Любовь (в широком понимании, но, прежде всего, мужчины к женщине) трактуется автором как чувство сакральное. Не случайно в рассказе возникает и переосмысливается библейский символ Святая Троица: Бог Отец, Бог Сын и Святой Дух - Беатриче, святой дух любви. Герой, искушаемый неземным миром (возможностью быть причастным к каждой из ипостасей гумилевской Троицы), отказыва-ется от него, поскольку его мир -Примавера - земная женщина, способная пробудить чувство, ни с чем несравнимой силы. Имя «Примавера» в контексте этой концепции (кроме перевода с итальян-ского «весна») обретает новое звучание — первая единственная вера.

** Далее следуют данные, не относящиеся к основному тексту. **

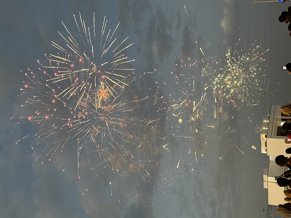 Fireworks burst in the night sky, illuminating the scene with vibrant golds, reds, and whites. The displays vary from large starbursts to more concentrated bursts of light, creating a dynamic and festive atmosphere. Along the right edge, silhouettes of people are visible, some holding up phones to capture the spectacle. A white building sits in the foreground, adding a sense of scale to the expansive display. The cloudy sky provides a backdrop for the colorful explosions.
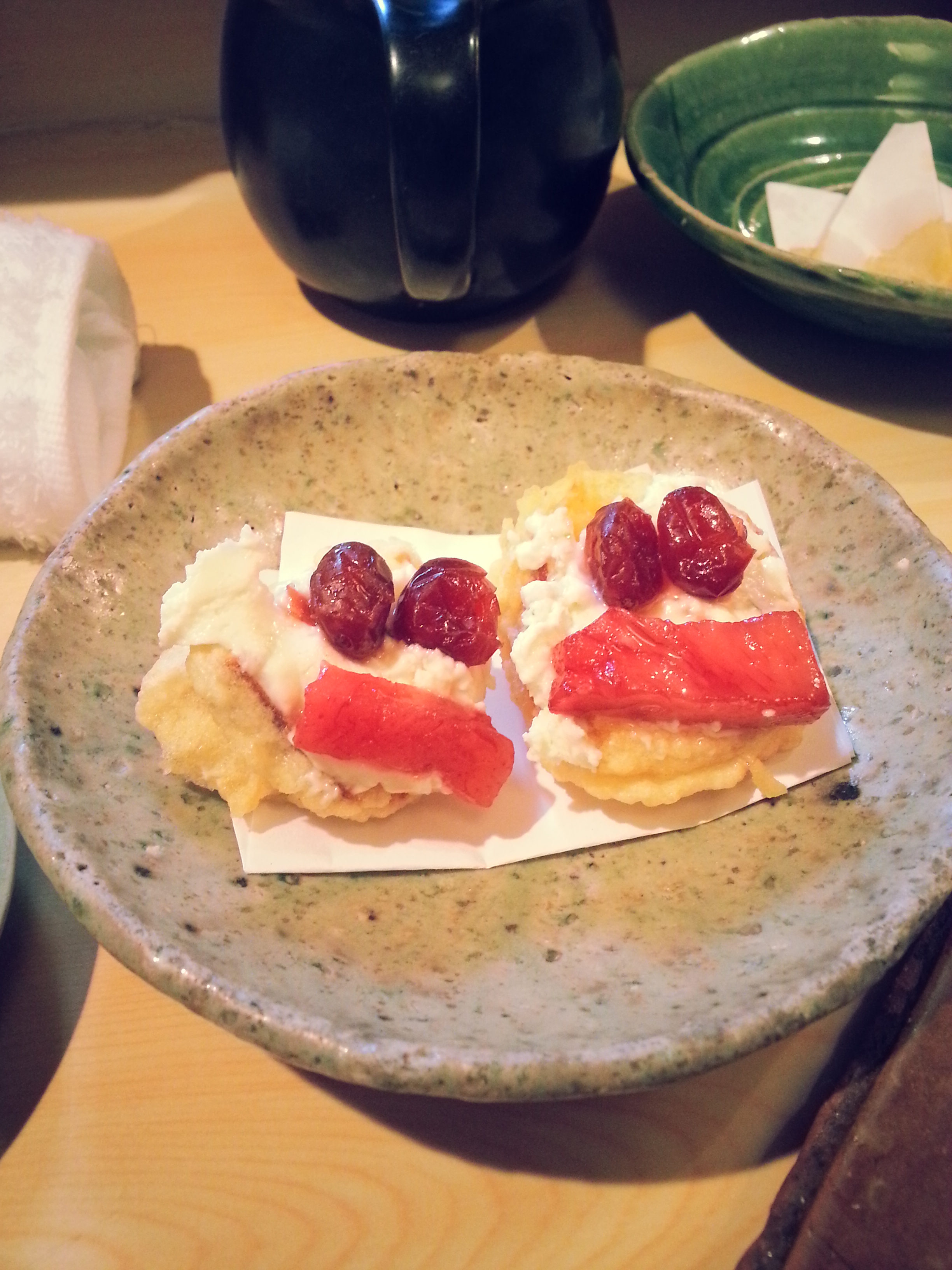 My favorite items that are available throughout the year, are the shrimp stuffed shiitake (which he minces and stuffs to order) and pon de queijo (glutinous Brazilian tapioca and cheese bread, which he fried and smears with some Boursin cheese!). At the end of the meal you have a choice between somen (noodles- the ones they use here are exceptional and retain a great texture, and his dashi is spot on), plain rice (served with kakiage- a tempura of shrimp and squid), ten-don (the kakiage is served on the rice and drizzled with tentsuyu) or ochazuke (the kakiage on rice has tea poured over it). The rice and miso soup here is just absolutely delicious. The miso soup is usually a shijimi red miso soup. This night we had about 5-6 seafood items and 5-6 vegetable items and we paid a little less than 5000 yen per person (this included all the other items in the course). Amazing! Definitely can’t get a deal like that in Manhattan!
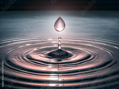 Capturing a crystal-clear blue water drop splash, this abstract macro shot shows a single liquid ripple creating a perfect circle, reflecting the clean, wet nature of falling raindrops
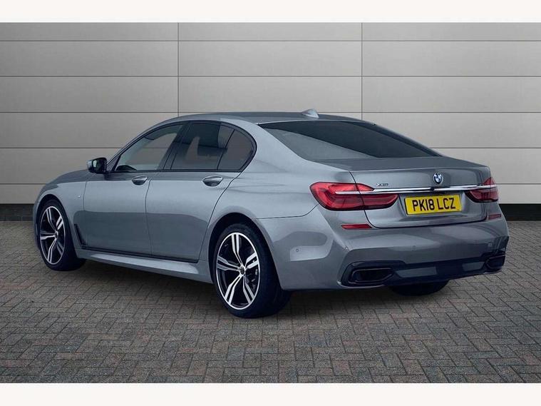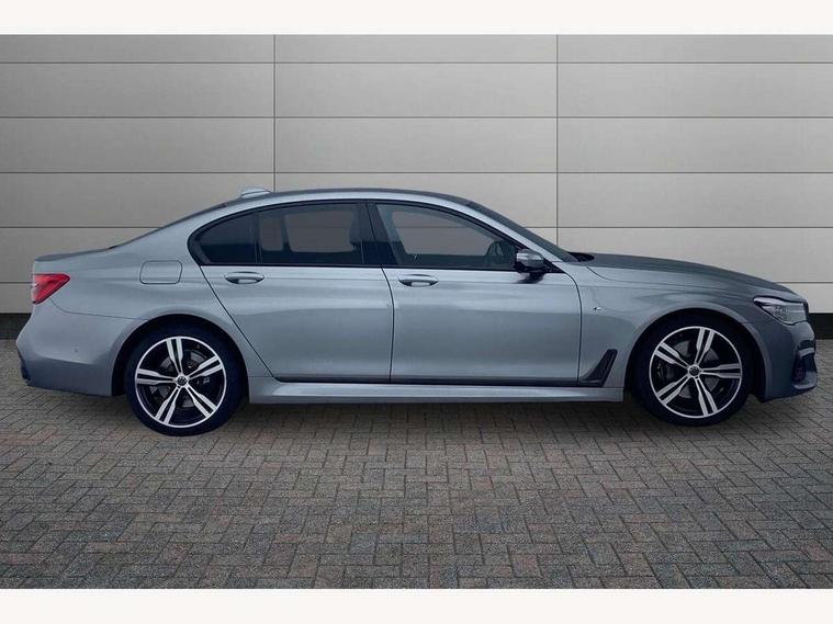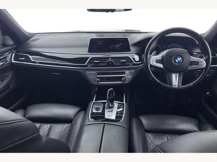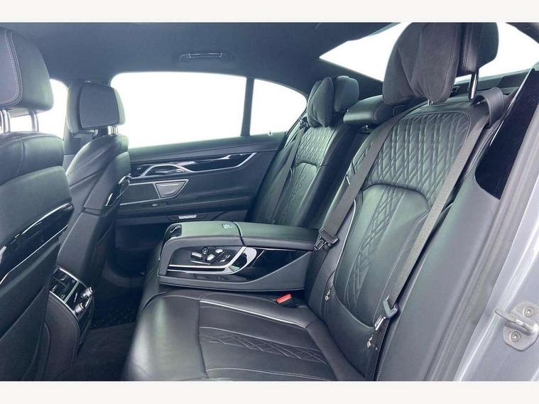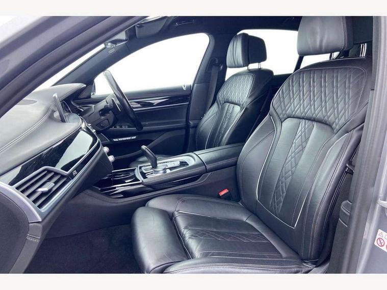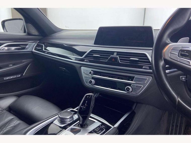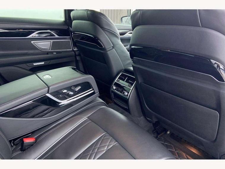 Automatic bootlid operation, BMW display key, BMW information plus, BMW online + Apps interface, BMW remote services, BMW Teleservices, Colour information display, Comfort access system with smart opener, Digital cockpit, Enhanced bluetooth telephone functionality with telematics, USB audio interface + voice control, EPAS, Multi function trip computer, Navigation System Professional Multimedia, Outside temperature gauge, Real time traffic information, Service indicator, Smartphone wireless charging plate, Speed limit display, Variable Damper Control, Wifi hotspot preparation, Diesel particulate filter, Self levelling twin axle air suspension, Sports function on gearbox with steering wheel mounted gearshift paddles, DAB Digital radio, Gesture control for infotainment system, Radio/CD/DVD/MP3 player, Wi-Fi hot spot, Auto dimming rear view mirror, Automatic headlights, Body colour bumpers, Body colour door mirrors, Electric front and rear windows with fingertip open/close + anti-trap all round, Exterior mirrors - electrically folding with anti-dazzle, Follow me home headlights, Heated windscreen washer jets, High beam assistant, High gloss shadow line, LED daytime running lights, M aerodynamic bodystyling, Outer door handle illumination, Rain sensor, Soft close automatic (SCA) for doors, 12V socket in front and rear, 4 zone control automatic air conditioning, Ambient interior lighting, Centre console with armrest, Driver + front passenger electric lumbar support, Footwell courtesy lights front and rear, Front and rear cupholders, Front comfort multi adjustable electric seats with memory for driver/front passenger + seat width adjustment, Front comfort seats, Front reading lights, Heated front seats, Heated rear seats, Illuminated door sill finishers, Isofix child seat attachment, Lockable glovebox, M sports leather steering wheel, Massage function for front seats, Multifunction steering wheel, Reach and rake adjustable steering column, Rear armrest, Rear comfort seats, Rear headrests, Velour floormats, Smokers pack - 7 Series, ABS+EBD+Brake assist, Anti-whiplash front headrests, Automatic Stability Control (ASC), BMW emergency call, Cornering brake control, Crash Sensor - activates hazard/interior lighting + unlocks doors, Driver and passenger airbags, DSC - Dynamic Stability Control, Dynamic brake control, Dynamic safety, Dynamic Traction Control - DTC, Electromechanical parking brake + auto hold function, Front passenger airbag deactivation, Front seatbelt pretensioners with force limiters, Rear airbags, Side airbags, Tyre pressure monitor, Warning triangle and first aid kit, Immobiliser, Locking wheel bolts, Remote central locking, Individual leather instrument panel, Run flat tyres,

§ 2. «Непознаваемое» в любви и гносеологическое табу (рассказ «Дочери Каина») посвящён анализу рассказа, в котором Н. Гумилёв продолжает развивать концепцию, созданную в новелле «Радости земной любви», однако акцент делает на недопустимости стремления приблизить «непознаваемое». «Непознаваемое» - особая эстетико-философская категория, которая «вызревает» в прозе Н. Гумилёва. Суть этого основополагающего акмеистического понятия автор раскроет в рамках программной статьи «Наследие символизма и акмеизм». «Непознаваемое» -это тайна, которая должна оставаться неприкосновенной, поскольку без неё мир утрачивает свою гармонию, выраженную в соотношении известного и нового, объяснимого и запретного, доступного и недосягаемого, что придаёт процессу культурного познания открытую перспективу; это идеал, который не может быть достигнут. Н. Гумилёв строит своё художественное размышление, доводя до логического завершения положение, с которым ведёт спор: он психологически исследует судьбу героя, посягнувшего на «тайное тайных». И сам Каин, и сэр Джемс, как и другие люди,

принадлежащие к разным историческим мирам, соприкасаясь с печальными девами (воплощающими «непознавае-мое»), теряют покой навсегда, и каждый становится «не живым и не мёртвым». На светлое чело пророка Заратустры ложатся глубокие морщины, Орфей теряет желание играть, пассионарные герои лишаются своего главного качества — способности радоваться жизни. Воплощающие идеал «отгорожены» от мира, вынесены в «синкретическое» время, так как «тайна должна оставаться тайной» (Н. Гумилёв), идеал должен быть недосягаем. Все попытки приблизить его приводят к «смерти при жизни». Сама природа «непознаваемого» оберегает себя и губит того, кто к нему прикасается, стремясь разрушить, сделать доступным.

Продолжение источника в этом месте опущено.